2011-09-27 Thread Ian Jackson
Joey Hess writes ("Re: Bits from dpkg developers - dpkg 1.16.1"):
> Ian Jackson wrote:
> > It was always completely wrong of dpkg-buildpackage to set these
> > variables.  Source packages are entitled to assume that strange
> > environment variables which cause their tools to do odd things will
> > not be set.
> 
> I'm willing to not worry about the likelihood that many packages added
> or updated over the past few years, while dpkg-buildpackage was forcing
> build flags, will not be built properly optimised now. That seems
> unlikely to completely break many of them, and as you say, forced build
> flags were always wrong, and we may just have to suck it up and deal
> with the breakage to get back to sanity.

Right.  (Also those forced build flags would sometimes cause the build
to break entirely.)

> My concern is that we now have a whole history of ill-considered changes
> to the build flags. To the point that it's possible to argue that every
> build flag change save one* has been ill-considered.
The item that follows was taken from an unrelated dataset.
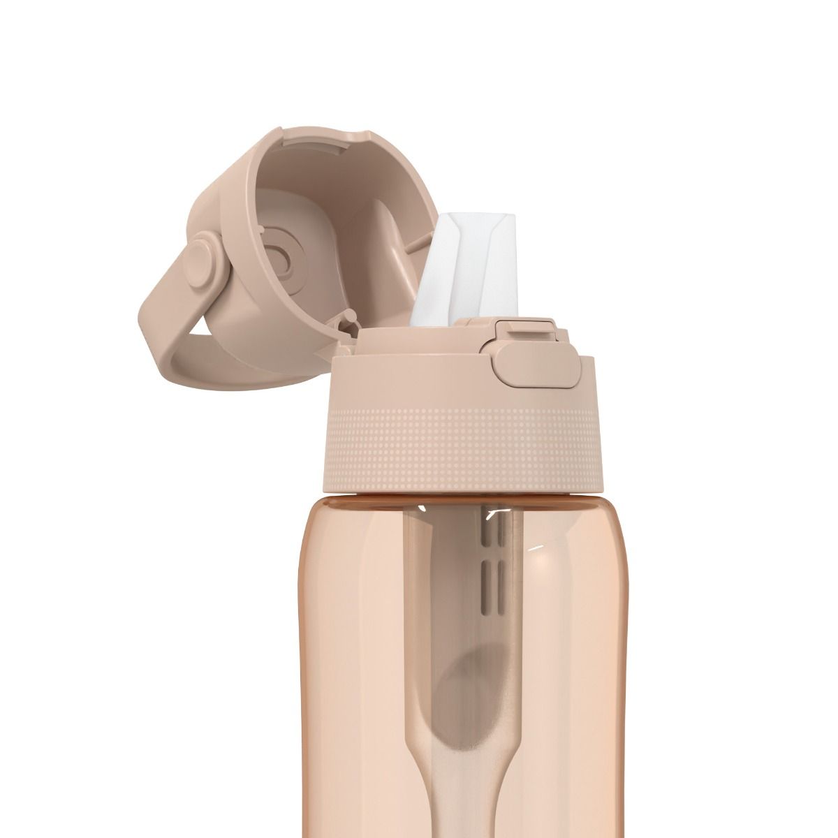 Poręczna butelka wielokrotnego użytku wyposażona jest w wymienny co miesiąc filtr węglowy (naturalne medium filtrujące wytwarzane z łupin orzecha kokosowego). Usuwa on z wody kranowej nieprzyjemny smak i zapach chloru. Pozostawia niezmienioną ilość minerałów naturalnie w niej występujących (głównie wapnia i magnezu), dzięki czemu woda zachowuje cenne dla zdrowia pierwiastki. Lekko podwyższa pH wody, co przekłada się na jej jakość. Wykonana jest z wytrzymałego tworzywa. Jest całkowicie pozbawiona szkodliwego Bisfenolu A i dopuszczona do kontaktu z wodą na podstawie odpowiednich atestów.

So why are we
> continuing to add interfaces where the build flags are changed
> centrally/globally, with the same processes that have not worked before?

In one sense, yes, we are providing a way to set these flags locally.
But the new mechanism will make it much easier to locally override
such settings (where "locally" means either in the package, in the
build environment).

> The build flags interface either needs some sort of compatability
> versioning, or the default build flags need to be specified in policy,
> and only changed with the same care we take with other policy changes
> that can make massive numbers of packages instabuggy.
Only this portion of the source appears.